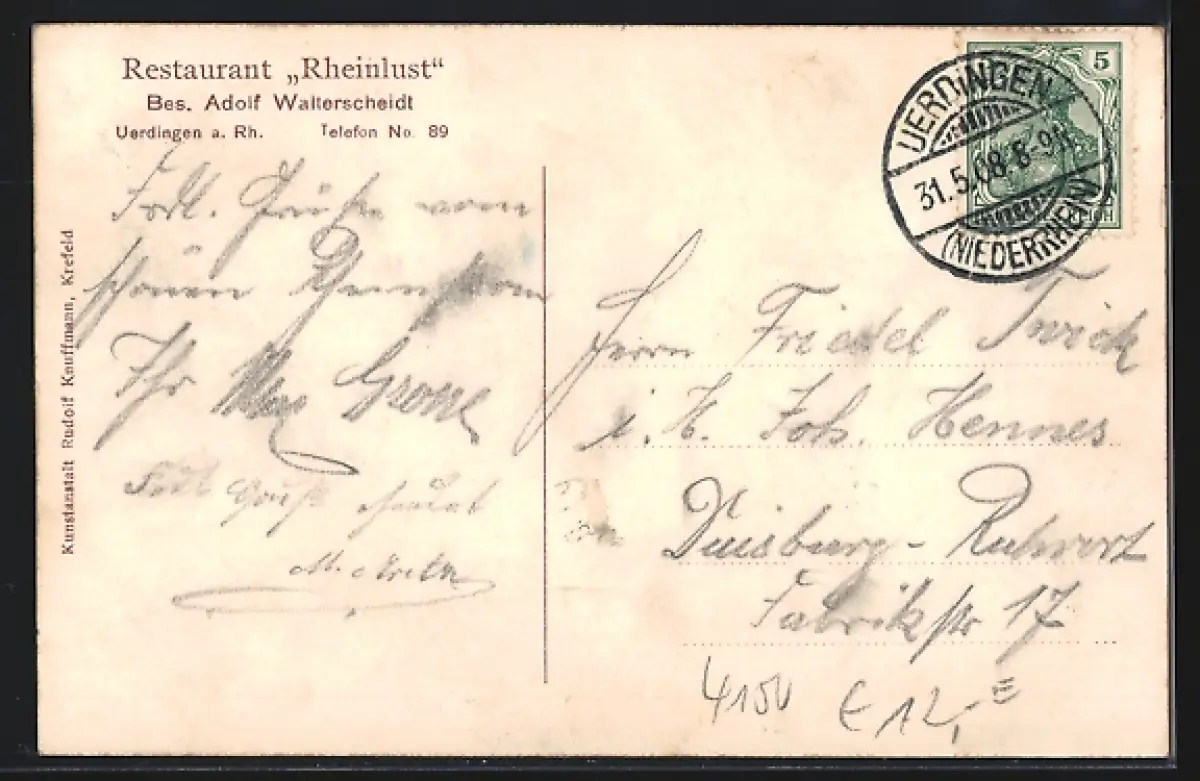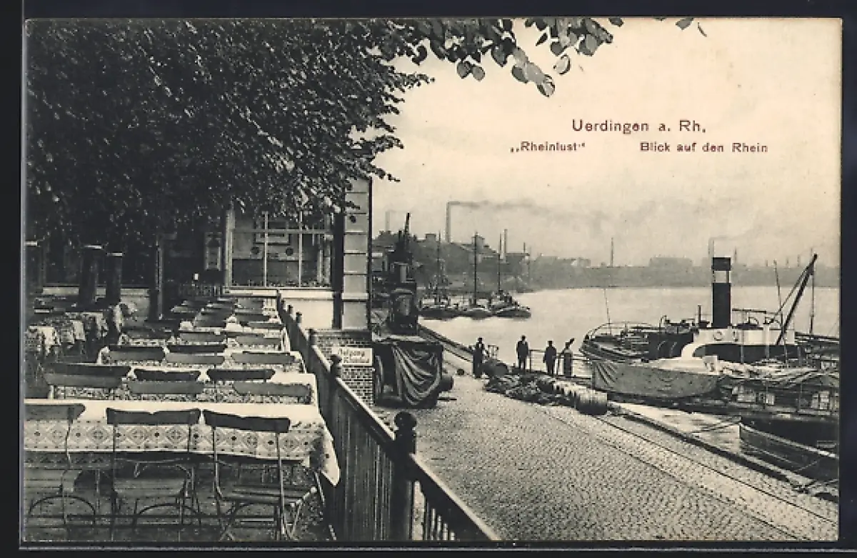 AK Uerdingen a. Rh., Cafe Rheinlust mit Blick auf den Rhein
---
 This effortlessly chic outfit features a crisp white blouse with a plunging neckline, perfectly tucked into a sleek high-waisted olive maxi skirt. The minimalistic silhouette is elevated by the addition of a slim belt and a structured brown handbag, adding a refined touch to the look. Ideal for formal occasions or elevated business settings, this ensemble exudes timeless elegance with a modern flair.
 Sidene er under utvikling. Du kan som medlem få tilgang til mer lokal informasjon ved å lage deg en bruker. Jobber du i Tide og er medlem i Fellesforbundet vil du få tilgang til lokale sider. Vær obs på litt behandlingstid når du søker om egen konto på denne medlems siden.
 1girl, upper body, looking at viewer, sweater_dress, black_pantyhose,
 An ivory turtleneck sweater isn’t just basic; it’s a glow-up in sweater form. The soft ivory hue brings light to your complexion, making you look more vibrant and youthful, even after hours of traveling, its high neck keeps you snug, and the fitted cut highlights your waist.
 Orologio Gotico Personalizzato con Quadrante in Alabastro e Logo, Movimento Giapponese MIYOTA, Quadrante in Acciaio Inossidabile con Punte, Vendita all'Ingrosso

▶ **EXERCISE AIM**:
From the entries above, return exactly the line containing "An ivory turtleneck", the line containing "Orologio Gotico Personalizzato", and all lines between, and nothing else.

▶ **OUTPUT FOR THIS TASK**:
 An ivory turtleneck sweater isn’t just basic; it’s a glow-up in sweater form. The soft ivory hue brings light to your complexion, making you look more vibrant and youthful, even after hours of traveling, its high neck keeps you snug, and the fitted cut highlights your waist.
 Orologio Gotico Personalizzato con Quadrante in Alabastro e Logo, Movimento Giapponese MIYOTA, Quadrante in Acciaio Inossidabile con Punte, Vendita all'Ingrosso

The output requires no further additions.